• _Dataset content_:
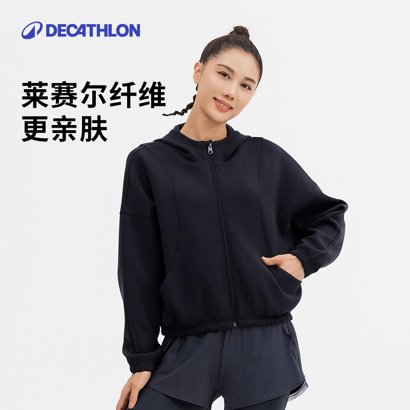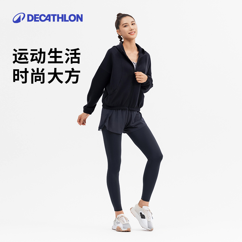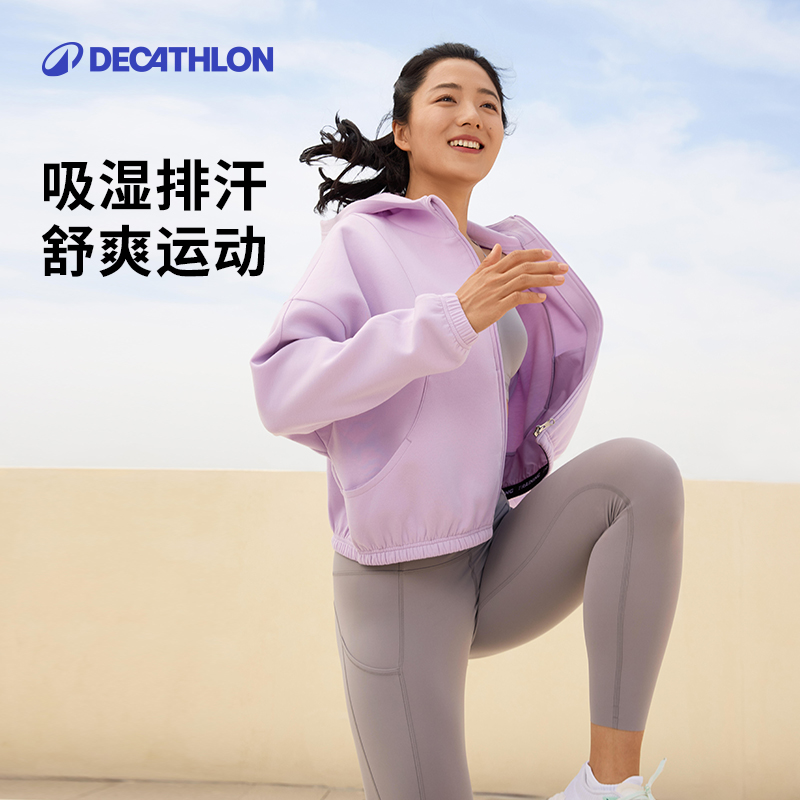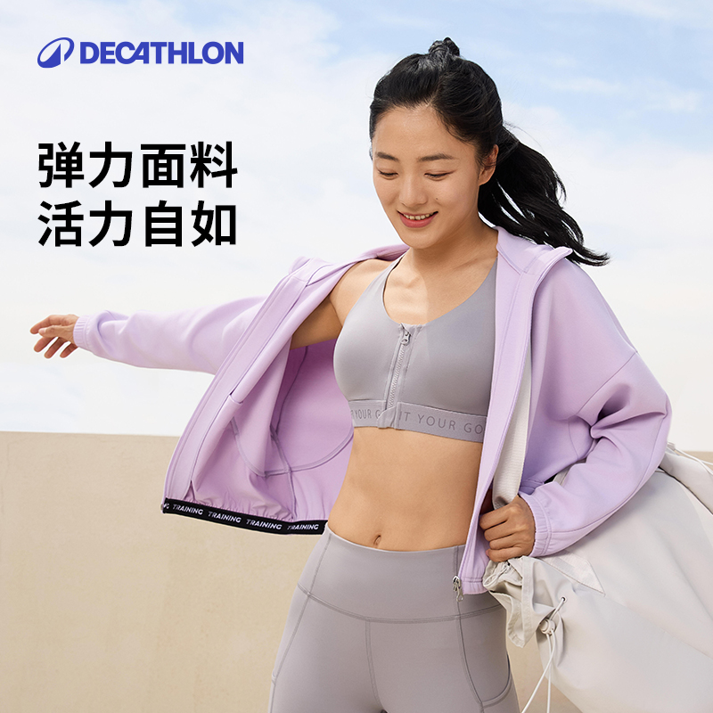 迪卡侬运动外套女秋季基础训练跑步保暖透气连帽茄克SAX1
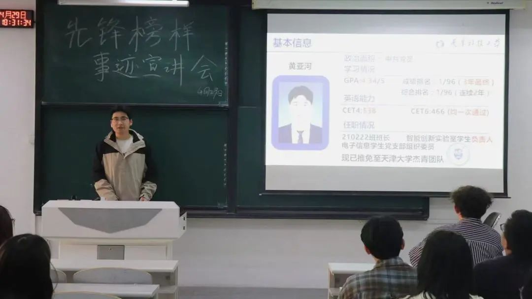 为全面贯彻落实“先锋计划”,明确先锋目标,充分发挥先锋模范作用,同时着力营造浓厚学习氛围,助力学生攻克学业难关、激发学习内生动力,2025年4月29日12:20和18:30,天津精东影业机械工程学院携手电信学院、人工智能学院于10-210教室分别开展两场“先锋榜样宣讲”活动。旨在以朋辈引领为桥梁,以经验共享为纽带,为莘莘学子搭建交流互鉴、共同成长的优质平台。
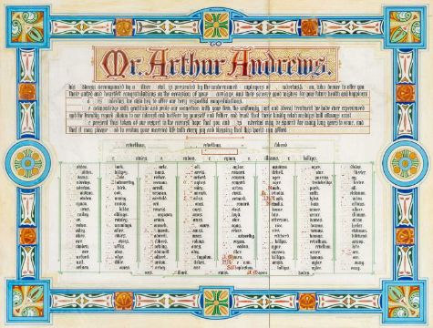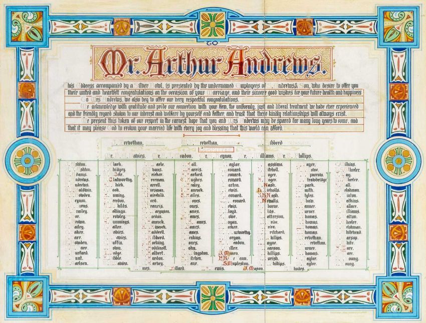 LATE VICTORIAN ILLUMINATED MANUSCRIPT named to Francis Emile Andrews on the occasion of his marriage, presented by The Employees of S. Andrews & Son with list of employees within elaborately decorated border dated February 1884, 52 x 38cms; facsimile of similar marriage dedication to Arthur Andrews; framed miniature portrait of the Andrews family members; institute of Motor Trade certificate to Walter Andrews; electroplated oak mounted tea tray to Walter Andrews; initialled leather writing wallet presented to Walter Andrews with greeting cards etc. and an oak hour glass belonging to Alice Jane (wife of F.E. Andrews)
--
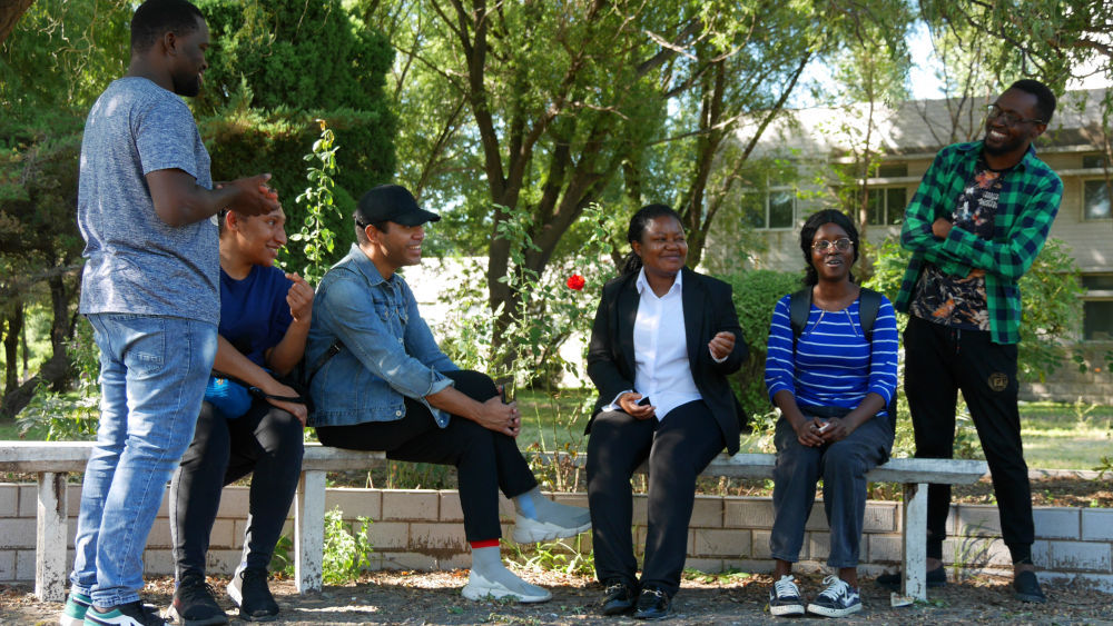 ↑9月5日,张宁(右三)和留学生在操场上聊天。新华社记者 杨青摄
==
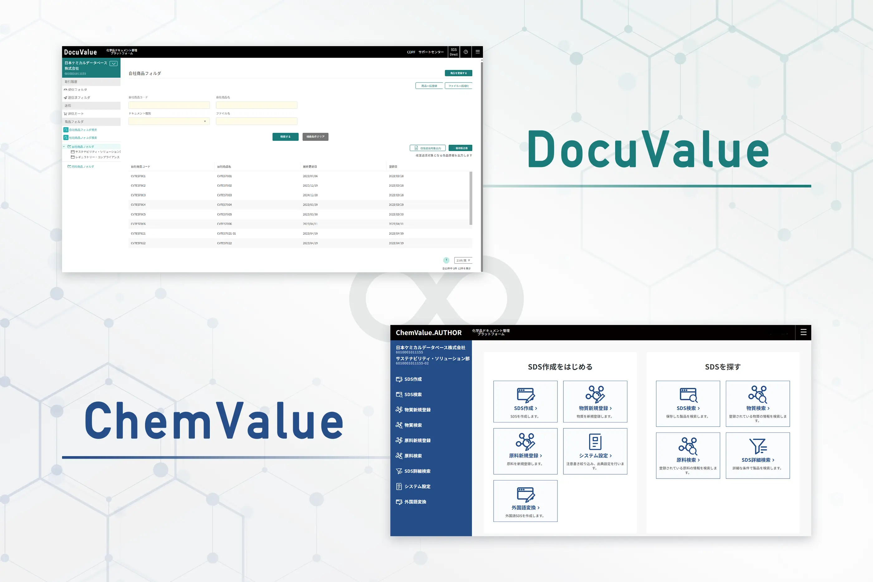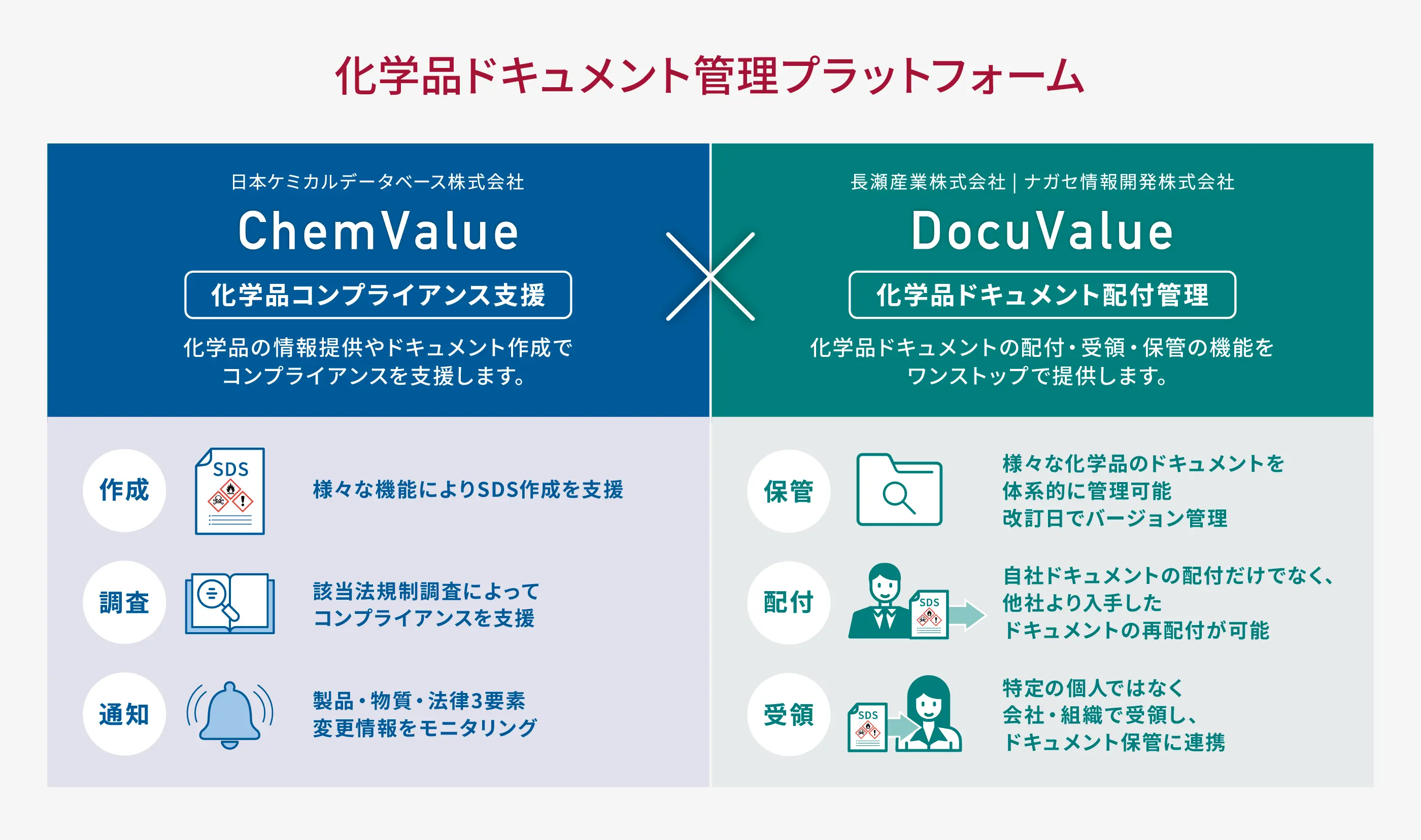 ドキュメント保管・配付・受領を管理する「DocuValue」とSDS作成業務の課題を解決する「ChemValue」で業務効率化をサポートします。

• _Work item_:
Would you restate, exactly and with no pictures, the lines of the entries above from the one containing "迪卡侬运动外套女秋季基础训练跑步保暖透气连帽茄克SAX1" through the one containing "LATE VICTORIAN ILLUMINATED"?

• _Response_:
 迪卡侬运动外套女秋季基础训练跑步保暖透气连帽茄克SAX1
 为全面贯彻落实“先锋计划”,明确先锋目标,充分发挥先锋模范作用,同时着力营造浓厚学习氛围,助力学生攻克学业难关、激发学习内生动力,2025年4月29日12:20和18:30,天津精东影业机械工程学院携手电信学院、人工智能学院于10-210教室分别开展两场“先锋榜样宣讲”活动。旨在以朋辈引领为桥梁,以经验共享为纽带,为莘莘学子搭建交流互鉴、共同成长的优质平台。
 LATE VICTORIAN ILLUMINATED MANUSCRIPT named to Francis Emile Andrews on the occasion of his marriage, presented by The Employees of S. Andrews & Son with list of employees within elaborately decorated border dated February 1884, 52 x 38cms; facsimile of similar marriage dedication to Arthur Andrews; framed miniature portrait of the Andrews family members; institute of Motor Trade certificate to Walter Andrews; electroplated oak mounted tea tray to Walter Andrews; initialled leather writing wallet presented to Walter Andrews with greeting cards etc. and an oak hour glass belonging to Alice Jane (wife of F.E. Andrews)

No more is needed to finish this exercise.